■ Task item
Given the records below, the lines starting at the line with "Item #003 - ΓΕΝΙΚΗ" and ending at the line with "ΚΑΛΧΑΔΟΝΙΩΝ: Poseidon on" should be output exactly, both end lines kept and pictures left out.
━━ Exercise data ━━
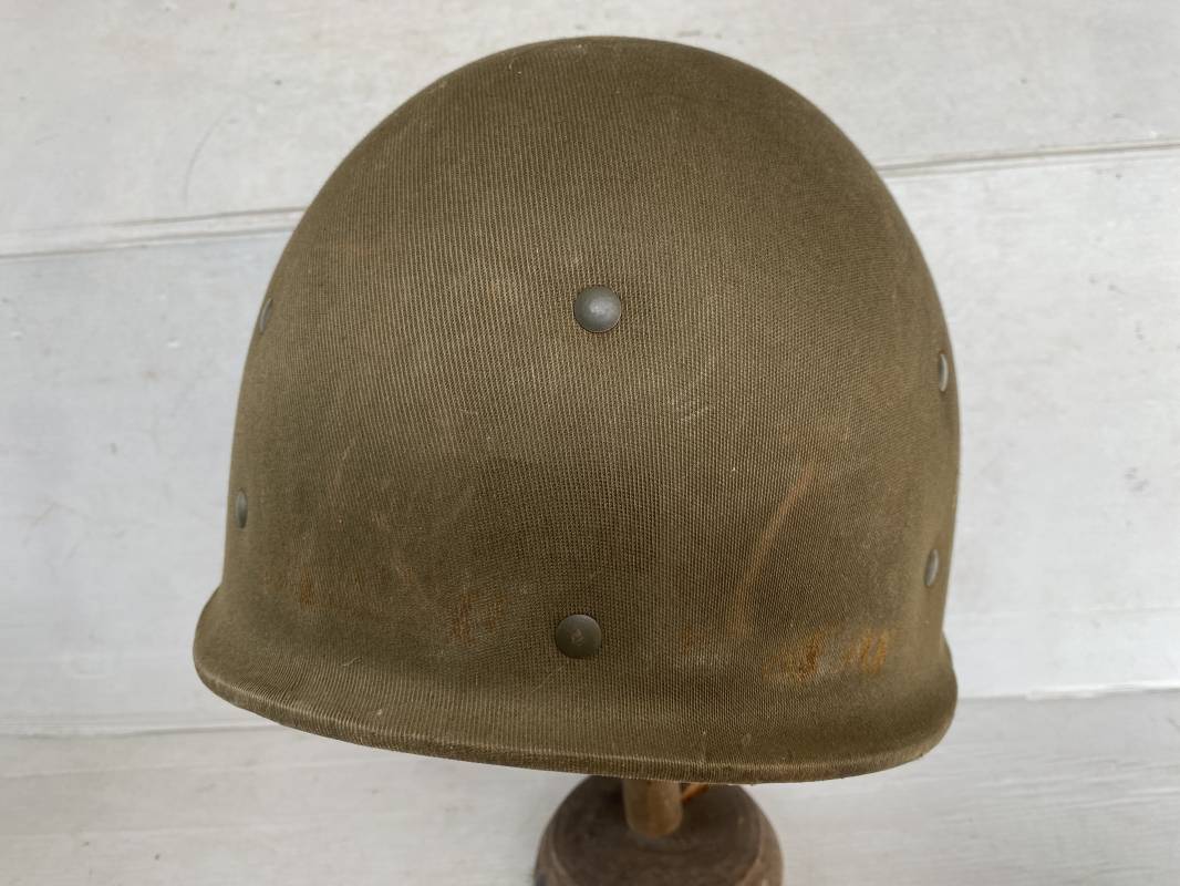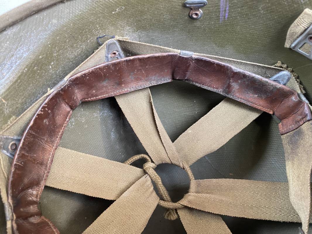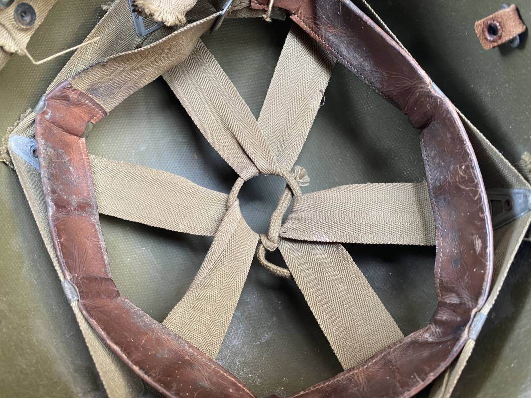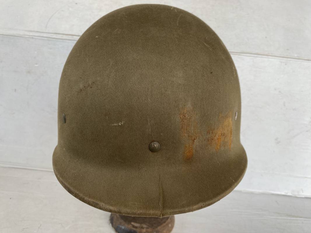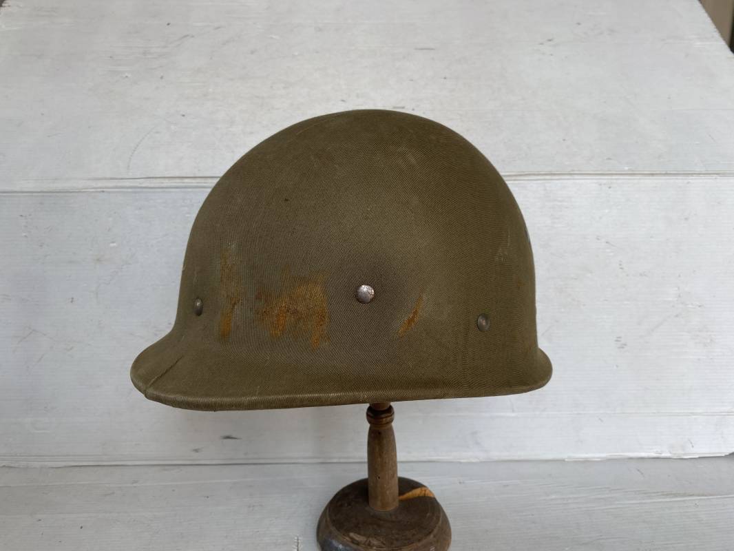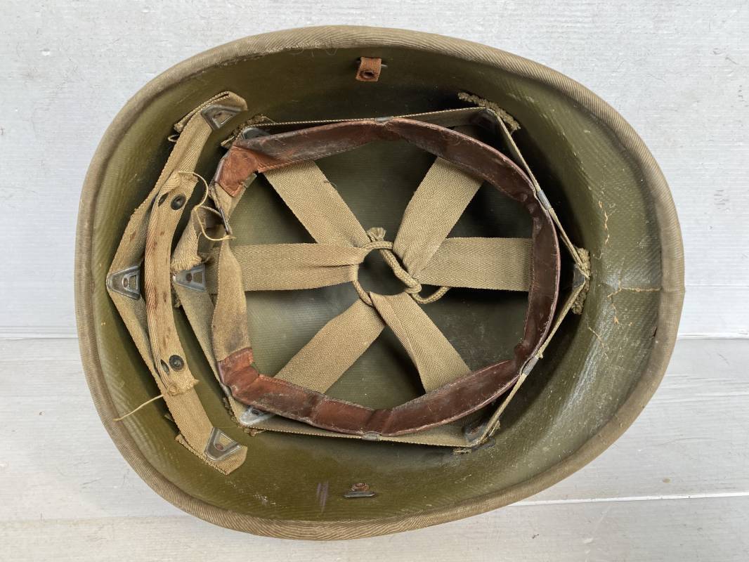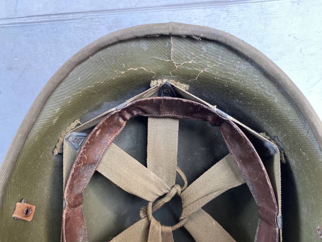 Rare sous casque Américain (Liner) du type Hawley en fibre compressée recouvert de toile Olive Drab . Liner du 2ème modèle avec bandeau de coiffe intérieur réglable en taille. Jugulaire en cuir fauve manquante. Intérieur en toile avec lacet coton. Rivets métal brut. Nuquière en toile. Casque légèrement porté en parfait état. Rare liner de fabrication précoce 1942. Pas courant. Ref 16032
━━━
━━ Exercise data ━━
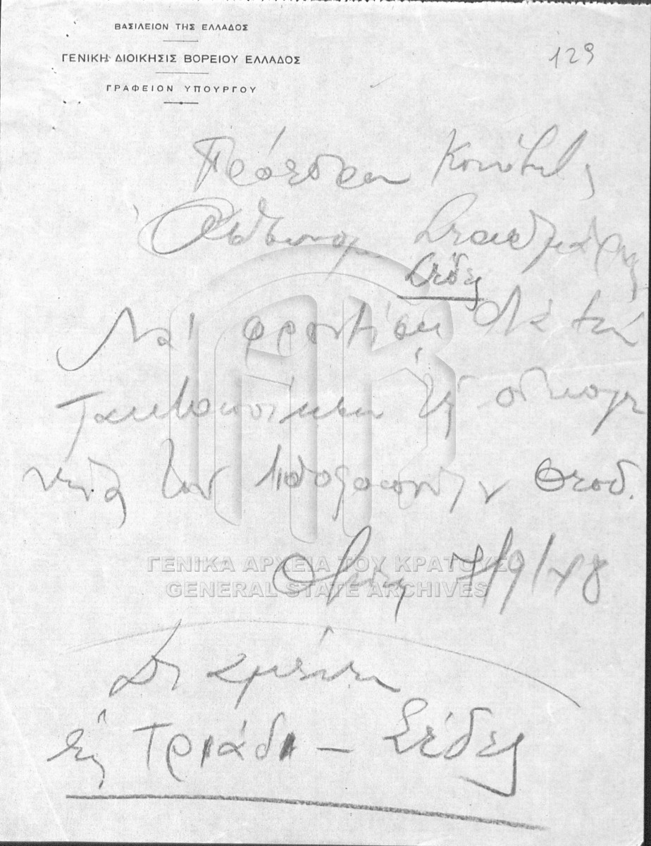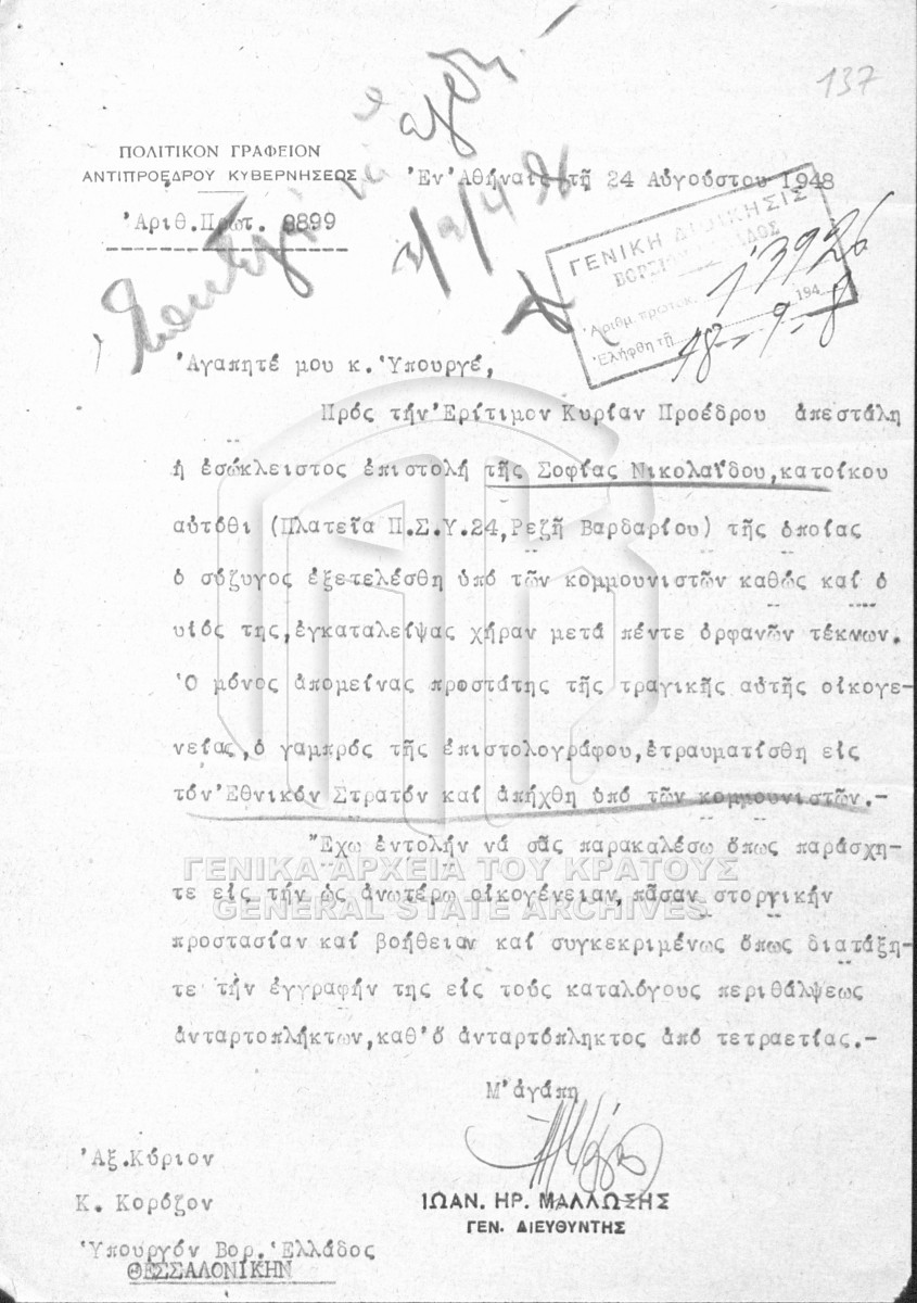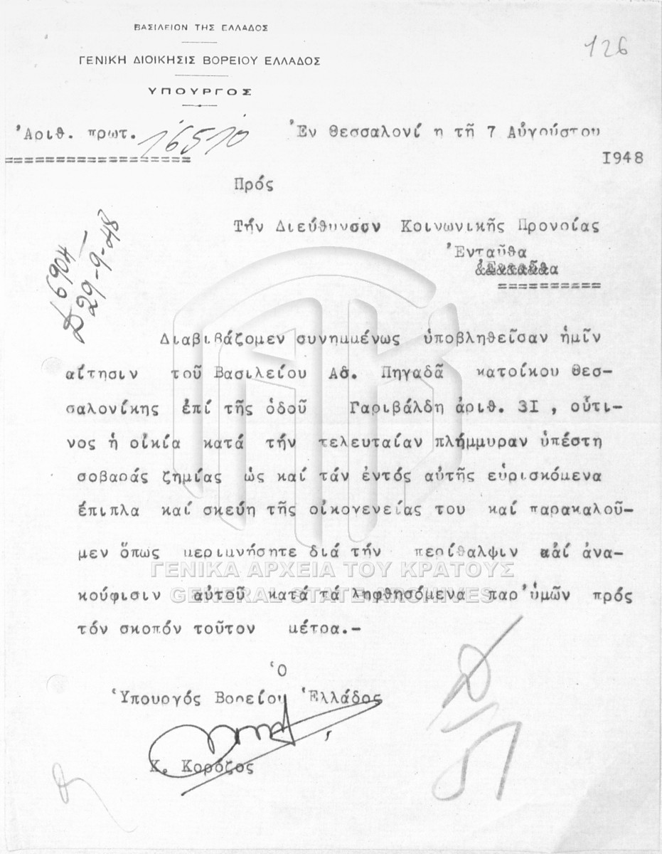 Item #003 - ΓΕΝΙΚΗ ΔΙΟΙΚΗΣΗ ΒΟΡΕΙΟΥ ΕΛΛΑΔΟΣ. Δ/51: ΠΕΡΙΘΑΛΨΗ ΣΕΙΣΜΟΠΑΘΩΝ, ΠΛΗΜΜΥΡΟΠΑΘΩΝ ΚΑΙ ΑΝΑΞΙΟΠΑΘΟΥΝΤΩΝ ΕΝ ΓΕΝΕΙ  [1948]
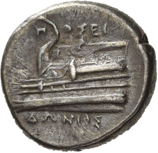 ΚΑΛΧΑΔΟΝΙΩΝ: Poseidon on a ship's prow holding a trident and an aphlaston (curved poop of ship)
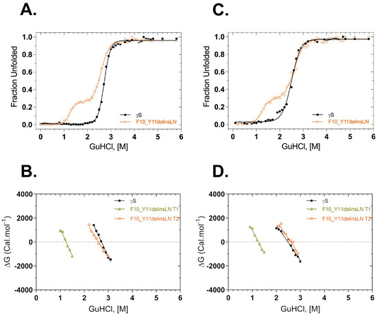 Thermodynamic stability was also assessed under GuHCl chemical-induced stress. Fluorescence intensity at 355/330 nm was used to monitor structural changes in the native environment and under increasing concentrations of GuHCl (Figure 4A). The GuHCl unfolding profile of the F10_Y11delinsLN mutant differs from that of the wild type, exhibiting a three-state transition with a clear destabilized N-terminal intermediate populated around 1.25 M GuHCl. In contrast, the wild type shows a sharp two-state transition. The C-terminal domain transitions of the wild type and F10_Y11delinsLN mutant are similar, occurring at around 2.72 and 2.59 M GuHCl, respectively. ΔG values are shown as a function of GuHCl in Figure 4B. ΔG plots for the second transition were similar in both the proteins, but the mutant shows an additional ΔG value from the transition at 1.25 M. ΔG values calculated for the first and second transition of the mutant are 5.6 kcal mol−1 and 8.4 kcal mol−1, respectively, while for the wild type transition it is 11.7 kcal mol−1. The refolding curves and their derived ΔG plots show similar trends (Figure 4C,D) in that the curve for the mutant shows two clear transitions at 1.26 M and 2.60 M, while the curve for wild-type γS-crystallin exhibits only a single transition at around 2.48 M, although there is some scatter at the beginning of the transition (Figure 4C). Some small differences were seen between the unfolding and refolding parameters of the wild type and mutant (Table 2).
━━━
━━ Exercise data ━━
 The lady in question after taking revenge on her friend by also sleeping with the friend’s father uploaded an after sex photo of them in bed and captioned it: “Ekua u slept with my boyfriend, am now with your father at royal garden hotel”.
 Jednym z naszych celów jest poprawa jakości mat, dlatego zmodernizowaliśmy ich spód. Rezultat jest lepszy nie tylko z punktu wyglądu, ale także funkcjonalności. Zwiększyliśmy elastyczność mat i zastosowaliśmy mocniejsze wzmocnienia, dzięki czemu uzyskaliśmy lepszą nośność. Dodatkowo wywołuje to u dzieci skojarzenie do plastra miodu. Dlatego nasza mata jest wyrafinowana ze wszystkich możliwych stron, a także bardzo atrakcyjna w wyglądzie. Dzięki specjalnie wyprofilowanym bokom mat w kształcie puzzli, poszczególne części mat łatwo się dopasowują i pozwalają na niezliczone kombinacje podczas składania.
━━━
■ Exercise solution
 Item #003 - ΓΕΝΙΚΗ ΔΙΟΙΚΗΣΗ ΒΟΡΕΙΟΥ ΕΛΛΑΔΟΣ. Δ/51: ΠΕΡΙΘΑΛΨΗ ΣΕΙΣΜΟΠΑΘΩΝ, ΠΛΗΜΜΥΡΟΠΑΘΩΝ ΚΑΙ ΑΝΑΞΙΟΠΑΘΟΥΝΤΩΝ ΕΝ ΓΕΝΕΙ  [1948]
 ΚΑΛΧΑΔΟΝΙΩΝ: Poseidon on a ship's prow holding a trident and an aphlaston (curved poop of ship)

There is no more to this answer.